» Task to carry out:
Only the lines from the beginning of the data through the one with "L’alliance du Saphir" belong in the answer, each retyped exactly, with pictures left out.

» Material provided:
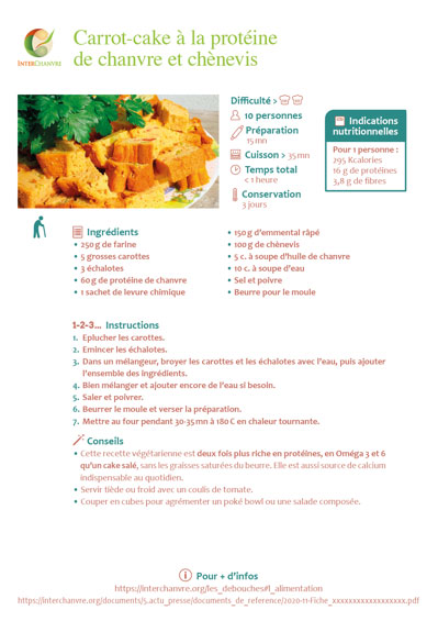 Cinq semaines de menus pour la restauration collective (scolaires et seniors) contenant des recettes utilisant le chanvre (huile, graines, protéines) ont été élaborées par le docteur en nutrition Béatrice de Reynal pour InterChanvre. Ces menus accompagnés de quinze recettes complètes intégrant du chanvre et des recommandations pour les diététiciennes ont été envoyés en février à toutes les chanvrières. Objectif : apporter des solutions aux collectivités locales pour la mise en application de la loi Egalim au 1er janvier 2022. Les chanvrières n'ont plus qu'à proposer ces menus et recettes sur leur territoire pour développer une restauration collective saine et locale. Exemples de recettes : nuggets de blé, petits pois, lentilles corail au chènevis & huile de chanvre, tofu de chanvre, pesto d’ortie au chanvre, chou-fleur au chènevis et huile de chanvre...
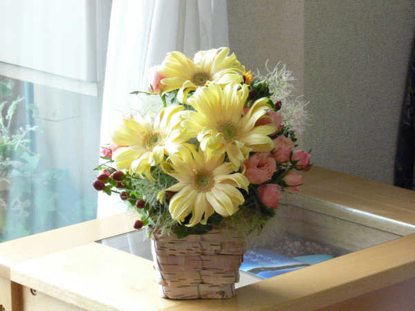職場では花束をお贈りし、別の場所でアレンジをお渡しするとのことだったので、メインのお花を変えてアレンジしました。
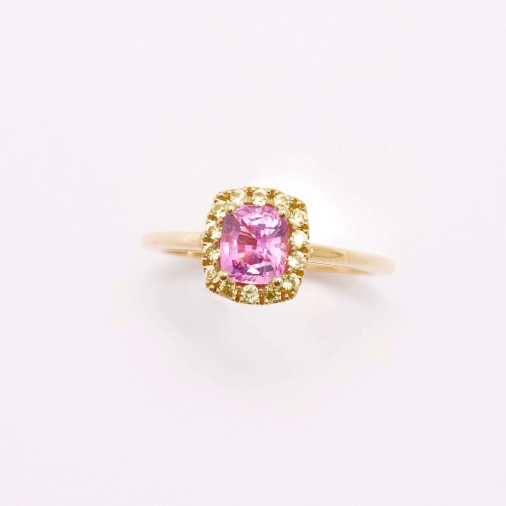 L’alliance du Saphir Rose, de l’or rose et des saphirs jaunes lie passion et joie dans un même écrin. Le Saphir rose est un symbole d’amour et de bonheur, l’or rose vient apporter du désir et de la délicatesse au bijou tandis que les saphirs jaunes évoquent la durabilité et la pérennité d’un couple.
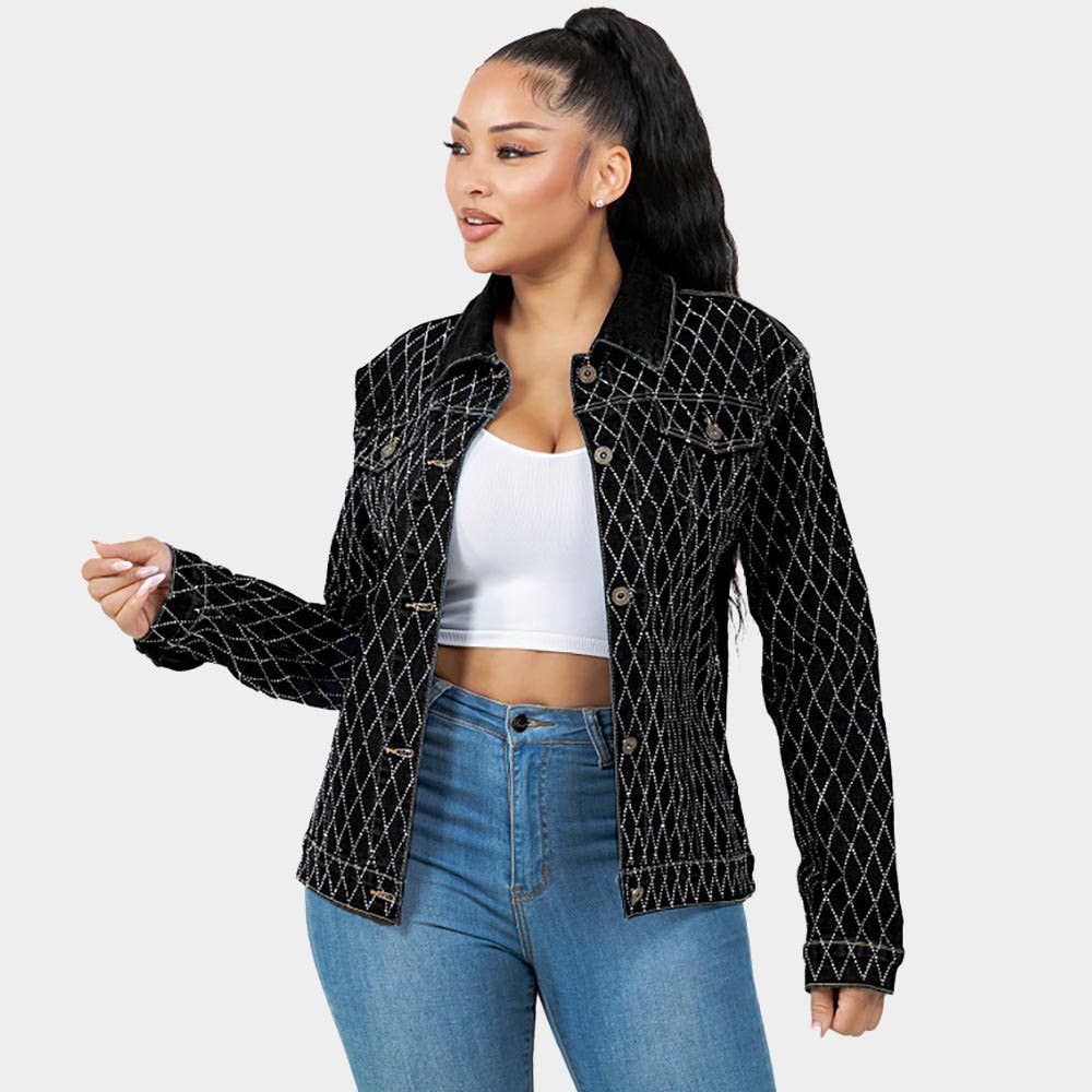 • Elevate your outerwear collection with this luxe diamond-stitched jacket. Designed with structured shoulders and a classic button-up front, this piece adds instant polish to any outfit. The soft texture paired with metallic stitch detailing creates a modern glam look that's perfect for both day and night. Features functional front pockets, full-length sleeves, and a flattering tailored fit that pairs effortlessly with jeans or leggings.

» Answer box:
 Cinq semaines de menus pour la restauration collective (scolaires et seniors) contenant des recettes utilisant le chanvre (huile, graines, protéines) ont été élaborées par le docteur en nutrition Béatrice de Reynal pour InterChanvre. Ces menus accompagnés de quinze recettes complètes intégrant du chanvre et des recommandations pour les diététiciennes ont été envoyés en février à toutes les chanvrières. Objectif : apporter des solutions aux collectivités locales pour la mise en application de la loi Egalim au 1er janvier 2022. Les chanvrières n'ont plus qu'à proposer ces menus et recettes sur leur territoire pour développer une restauration collective saine et locale. Exemples de recettes : nuggets de blé, petits pois, lentilles corail au chènevis & huile de chanvre, tofu de chanvre, pesto d’ortie au chanvre, chou-fleur au chènevis et huile de chanvre...
職場では花束をお贈りし、別の場所でアレンジをお渡しするとのことだったので、メインのお花を変えてアレンジしました。
 L’alliance du Saphir Rose, de l’or rose et des saphirs jaunes lie passion et joie dans un même écrin. Le Saphir rose est un symbole d’amour et de bonheur, l’or rose vient apporter du désir et de la délicatesse au bijou tandis que les saphirs jaunes évoquent la durabilité et la pérennité d’un couple.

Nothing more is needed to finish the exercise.